Information shown.
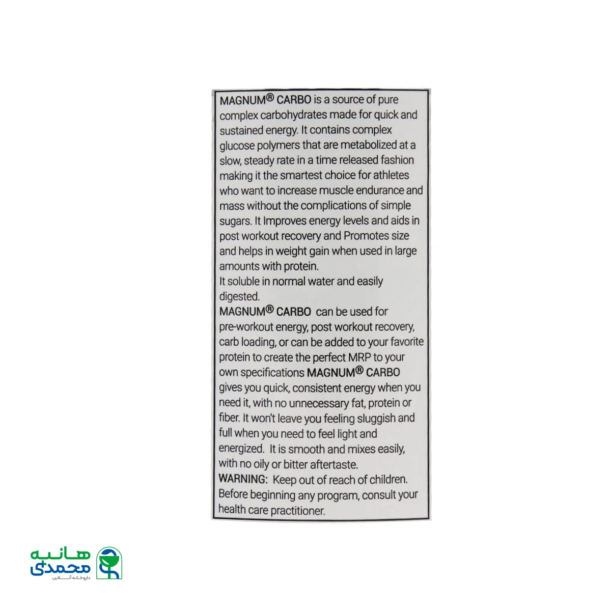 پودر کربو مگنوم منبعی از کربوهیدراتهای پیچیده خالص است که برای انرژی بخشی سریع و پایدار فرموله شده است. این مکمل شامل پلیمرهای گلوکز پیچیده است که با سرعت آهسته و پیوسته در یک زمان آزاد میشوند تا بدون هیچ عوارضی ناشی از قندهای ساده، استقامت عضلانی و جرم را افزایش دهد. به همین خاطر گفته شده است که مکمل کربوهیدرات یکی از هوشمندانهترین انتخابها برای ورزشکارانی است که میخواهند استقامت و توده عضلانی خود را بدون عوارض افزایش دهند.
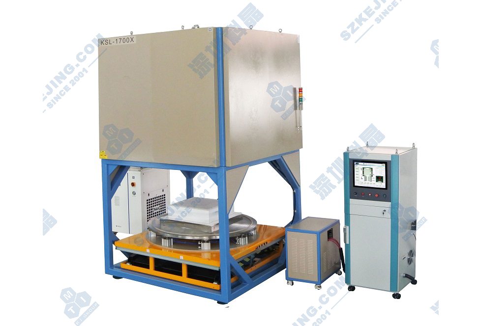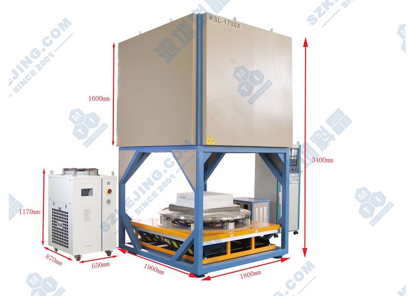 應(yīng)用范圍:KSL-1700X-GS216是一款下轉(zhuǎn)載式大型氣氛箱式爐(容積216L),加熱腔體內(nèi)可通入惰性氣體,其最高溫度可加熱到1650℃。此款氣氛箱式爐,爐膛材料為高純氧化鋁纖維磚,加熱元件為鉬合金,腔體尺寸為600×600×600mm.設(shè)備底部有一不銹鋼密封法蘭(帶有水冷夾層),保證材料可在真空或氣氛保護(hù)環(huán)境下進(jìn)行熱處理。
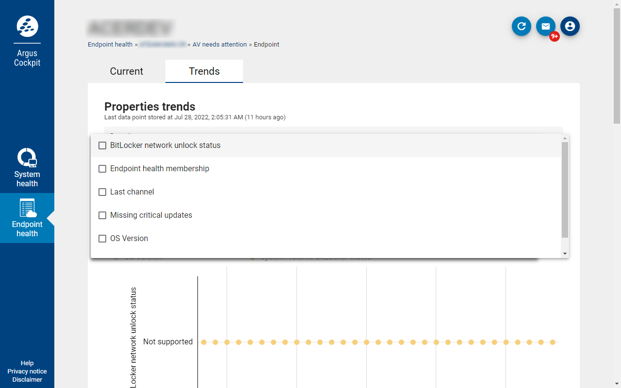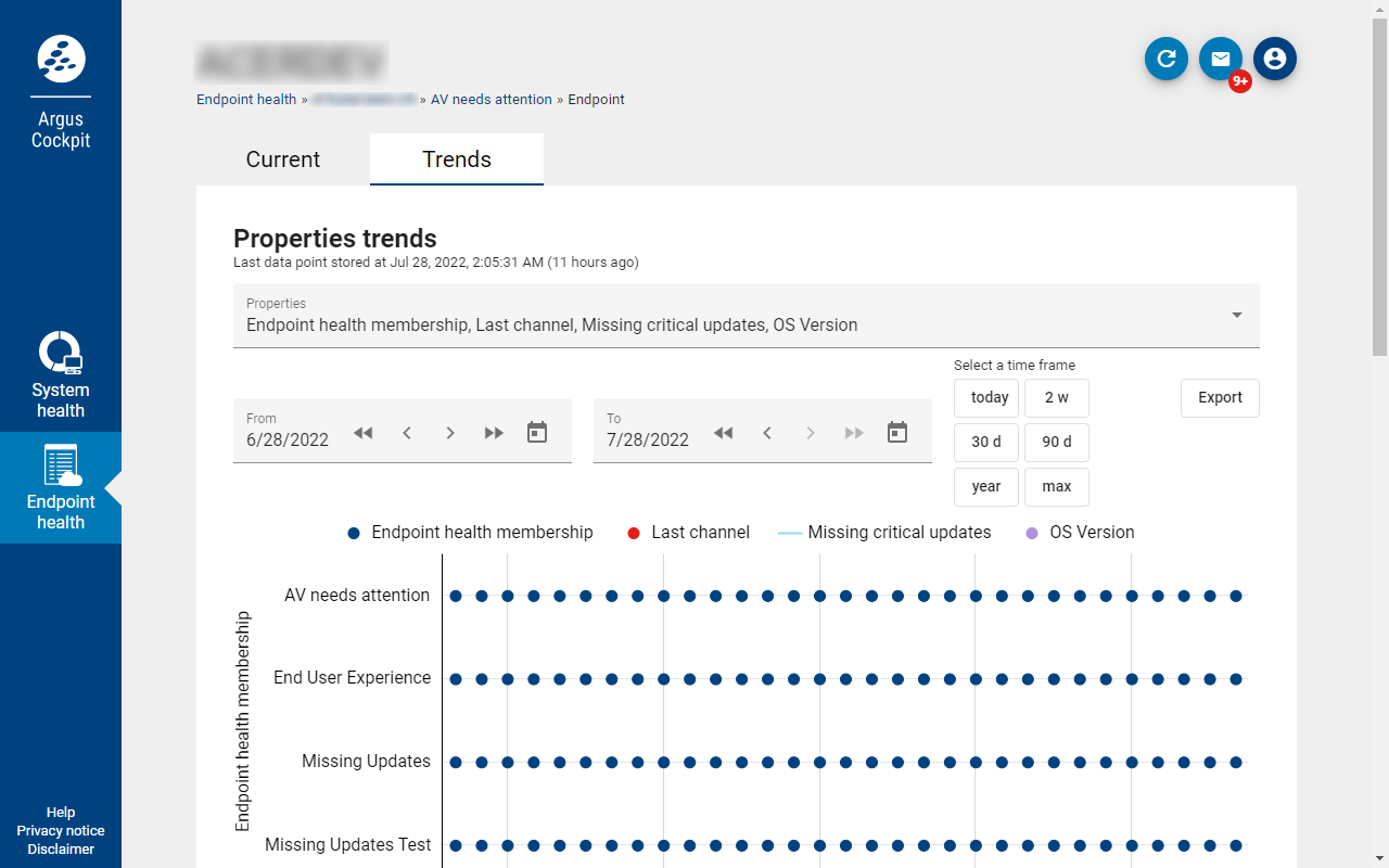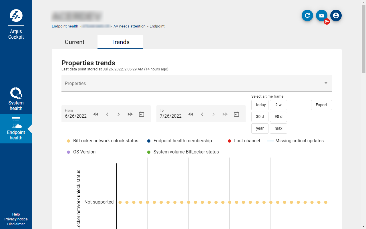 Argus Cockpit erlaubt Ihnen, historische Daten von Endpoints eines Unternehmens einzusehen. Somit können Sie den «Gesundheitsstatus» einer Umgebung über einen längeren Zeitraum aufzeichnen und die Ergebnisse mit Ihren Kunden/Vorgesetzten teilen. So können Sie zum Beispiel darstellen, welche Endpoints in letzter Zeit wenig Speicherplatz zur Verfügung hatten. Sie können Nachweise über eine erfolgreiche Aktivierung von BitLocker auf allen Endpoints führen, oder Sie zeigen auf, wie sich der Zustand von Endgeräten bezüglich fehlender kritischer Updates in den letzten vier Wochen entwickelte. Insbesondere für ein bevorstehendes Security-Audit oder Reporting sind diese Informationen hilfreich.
==
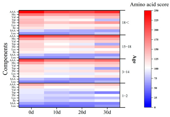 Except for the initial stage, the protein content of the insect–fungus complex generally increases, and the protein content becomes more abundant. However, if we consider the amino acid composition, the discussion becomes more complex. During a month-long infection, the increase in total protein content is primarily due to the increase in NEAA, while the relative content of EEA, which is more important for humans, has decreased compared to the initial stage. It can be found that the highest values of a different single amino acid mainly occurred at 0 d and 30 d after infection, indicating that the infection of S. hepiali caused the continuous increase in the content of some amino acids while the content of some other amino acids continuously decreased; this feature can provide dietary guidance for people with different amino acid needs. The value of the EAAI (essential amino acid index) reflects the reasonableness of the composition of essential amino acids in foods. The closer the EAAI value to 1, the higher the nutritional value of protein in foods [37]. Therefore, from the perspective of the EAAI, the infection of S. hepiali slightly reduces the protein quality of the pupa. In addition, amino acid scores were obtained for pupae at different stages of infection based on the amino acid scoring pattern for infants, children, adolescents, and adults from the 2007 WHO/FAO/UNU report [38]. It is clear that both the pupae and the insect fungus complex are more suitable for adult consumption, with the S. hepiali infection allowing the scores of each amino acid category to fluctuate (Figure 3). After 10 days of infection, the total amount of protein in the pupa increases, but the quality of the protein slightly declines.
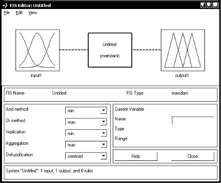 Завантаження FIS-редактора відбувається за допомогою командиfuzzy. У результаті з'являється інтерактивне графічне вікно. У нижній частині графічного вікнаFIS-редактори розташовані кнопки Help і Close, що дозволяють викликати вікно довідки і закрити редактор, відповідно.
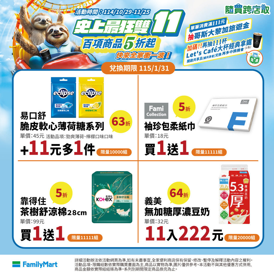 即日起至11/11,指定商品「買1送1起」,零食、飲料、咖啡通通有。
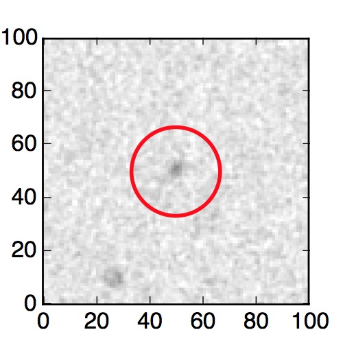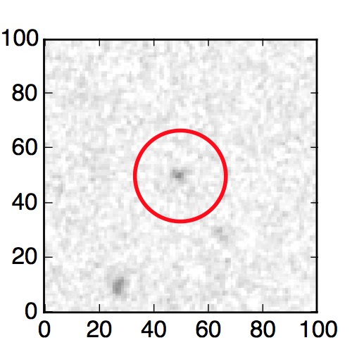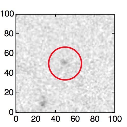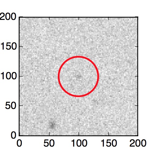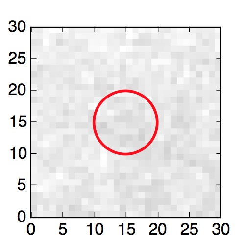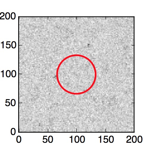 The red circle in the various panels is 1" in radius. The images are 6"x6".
--
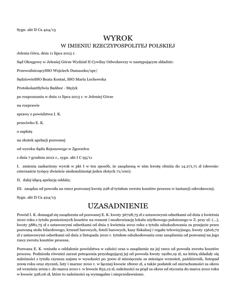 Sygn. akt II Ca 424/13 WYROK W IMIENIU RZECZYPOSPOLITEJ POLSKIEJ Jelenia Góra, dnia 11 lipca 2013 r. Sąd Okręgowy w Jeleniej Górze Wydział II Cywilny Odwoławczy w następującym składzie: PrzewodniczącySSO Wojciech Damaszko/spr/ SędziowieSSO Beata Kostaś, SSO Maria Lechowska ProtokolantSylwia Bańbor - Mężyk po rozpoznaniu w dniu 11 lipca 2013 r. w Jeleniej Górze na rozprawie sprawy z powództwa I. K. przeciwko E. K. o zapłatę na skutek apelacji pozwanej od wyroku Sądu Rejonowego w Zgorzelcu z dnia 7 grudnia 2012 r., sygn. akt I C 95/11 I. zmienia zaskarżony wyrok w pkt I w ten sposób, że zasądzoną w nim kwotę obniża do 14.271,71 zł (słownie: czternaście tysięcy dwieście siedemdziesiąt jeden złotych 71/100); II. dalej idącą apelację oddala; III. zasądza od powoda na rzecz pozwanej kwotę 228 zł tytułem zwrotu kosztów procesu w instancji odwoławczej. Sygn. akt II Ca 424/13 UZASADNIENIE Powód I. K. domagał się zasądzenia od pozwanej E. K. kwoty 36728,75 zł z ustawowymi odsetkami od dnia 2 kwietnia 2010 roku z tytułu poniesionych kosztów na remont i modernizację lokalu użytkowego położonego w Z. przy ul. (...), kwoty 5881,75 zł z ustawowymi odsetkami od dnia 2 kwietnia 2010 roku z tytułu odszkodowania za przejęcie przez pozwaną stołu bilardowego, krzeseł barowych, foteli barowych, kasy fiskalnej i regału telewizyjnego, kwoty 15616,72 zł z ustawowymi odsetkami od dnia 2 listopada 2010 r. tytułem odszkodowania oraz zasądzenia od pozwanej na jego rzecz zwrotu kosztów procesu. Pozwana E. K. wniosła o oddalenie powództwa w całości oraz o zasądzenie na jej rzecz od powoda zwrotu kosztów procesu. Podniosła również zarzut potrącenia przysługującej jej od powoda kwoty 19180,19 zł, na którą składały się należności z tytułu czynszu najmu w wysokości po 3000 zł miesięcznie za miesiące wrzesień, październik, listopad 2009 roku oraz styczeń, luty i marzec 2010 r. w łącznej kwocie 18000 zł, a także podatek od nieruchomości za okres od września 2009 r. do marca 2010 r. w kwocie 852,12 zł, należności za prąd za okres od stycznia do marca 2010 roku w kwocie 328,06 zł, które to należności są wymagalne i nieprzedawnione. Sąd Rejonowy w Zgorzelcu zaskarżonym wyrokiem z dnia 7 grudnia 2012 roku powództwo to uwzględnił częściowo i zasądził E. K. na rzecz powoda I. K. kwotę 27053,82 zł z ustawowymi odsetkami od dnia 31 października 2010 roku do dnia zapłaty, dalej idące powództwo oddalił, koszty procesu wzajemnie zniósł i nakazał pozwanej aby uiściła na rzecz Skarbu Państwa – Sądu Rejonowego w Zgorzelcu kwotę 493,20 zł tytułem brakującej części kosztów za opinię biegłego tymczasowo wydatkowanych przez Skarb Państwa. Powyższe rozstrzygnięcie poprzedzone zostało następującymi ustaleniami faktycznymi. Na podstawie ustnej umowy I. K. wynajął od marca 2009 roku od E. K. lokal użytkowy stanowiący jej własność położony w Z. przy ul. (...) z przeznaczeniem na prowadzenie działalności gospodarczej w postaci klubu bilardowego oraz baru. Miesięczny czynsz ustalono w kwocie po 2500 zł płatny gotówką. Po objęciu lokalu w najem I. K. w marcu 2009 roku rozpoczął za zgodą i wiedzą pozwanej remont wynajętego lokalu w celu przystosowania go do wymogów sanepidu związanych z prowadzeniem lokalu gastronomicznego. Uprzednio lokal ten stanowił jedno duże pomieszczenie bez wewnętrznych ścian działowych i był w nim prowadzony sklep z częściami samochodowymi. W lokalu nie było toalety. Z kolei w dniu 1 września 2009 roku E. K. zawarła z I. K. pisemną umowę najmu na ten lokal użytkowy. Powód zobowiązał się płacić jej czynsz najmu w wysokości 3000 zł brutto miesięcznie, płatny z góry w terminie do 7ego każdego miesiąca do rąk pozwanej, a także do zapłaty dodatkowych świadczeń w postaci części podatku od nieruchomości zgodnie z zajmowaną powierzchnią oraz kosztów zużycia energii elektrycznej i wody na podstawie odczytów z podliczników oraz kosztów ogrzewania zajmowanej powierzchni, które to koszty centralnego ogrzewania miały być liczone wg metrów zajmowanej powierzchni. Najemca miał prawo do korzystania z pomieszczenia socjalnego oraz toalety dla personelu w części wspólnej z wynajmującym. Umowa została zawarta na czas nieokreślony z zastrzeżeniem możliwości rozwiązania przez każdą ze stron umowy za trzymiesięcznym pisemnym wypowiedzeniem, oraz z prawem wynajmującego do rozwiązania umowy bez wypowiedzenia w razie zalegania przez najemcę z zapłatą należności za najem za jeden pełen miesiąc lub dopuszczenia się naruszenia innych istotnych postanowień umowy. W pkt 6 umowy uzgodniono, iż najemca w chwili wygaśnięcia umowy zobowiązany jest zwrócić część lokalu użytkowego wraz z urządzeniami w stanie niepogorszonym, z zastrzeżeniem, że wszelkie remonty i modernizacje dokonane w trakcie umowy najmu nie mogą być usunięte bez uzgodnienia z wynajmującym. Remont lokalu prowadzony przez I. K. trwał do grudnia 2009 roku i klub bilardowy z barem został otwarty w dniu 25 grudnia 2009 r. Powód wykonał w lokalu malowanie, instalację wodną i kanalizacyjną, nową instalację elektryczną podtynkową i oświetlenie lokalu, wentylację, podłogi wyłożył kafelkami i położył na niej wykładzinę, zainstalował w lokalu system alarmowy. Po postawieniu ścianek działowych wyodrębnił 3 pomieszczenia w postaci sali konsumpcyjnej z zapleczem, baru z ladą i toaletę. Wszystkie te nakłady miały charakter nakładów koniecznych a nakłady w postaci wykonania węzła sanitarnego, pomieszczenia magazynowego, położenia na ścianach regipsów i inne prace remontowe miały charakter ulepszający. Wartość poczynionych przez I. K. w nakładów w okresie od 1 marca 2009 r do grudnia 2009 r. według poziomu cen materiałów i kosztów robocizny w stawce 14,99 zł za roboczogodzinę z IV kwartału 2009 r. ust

Work to be completed. Using the data above, transcribe exactly the lines between those containing "Завантаження FIS-редактора відбувається" and "The red circle", inclusive, and leave every picture behind.

Answer box.
 Завантаження FIS-редактора відбувається за допомогою командиfuzzy. У результаті з'являється інтерактивне графічне вікно. У нижній частині графічного вікнаFIS-редактори розташовані кнопки Help і Close, що дозволяють викликати вікно довідки і закрити редактор, відповідно.
 即日起至11/11,指定商品「買1送1起」,零食、飲料、咖啡通通有。
 The red circle in the various panels is 1" in radius. The images are 6"x6".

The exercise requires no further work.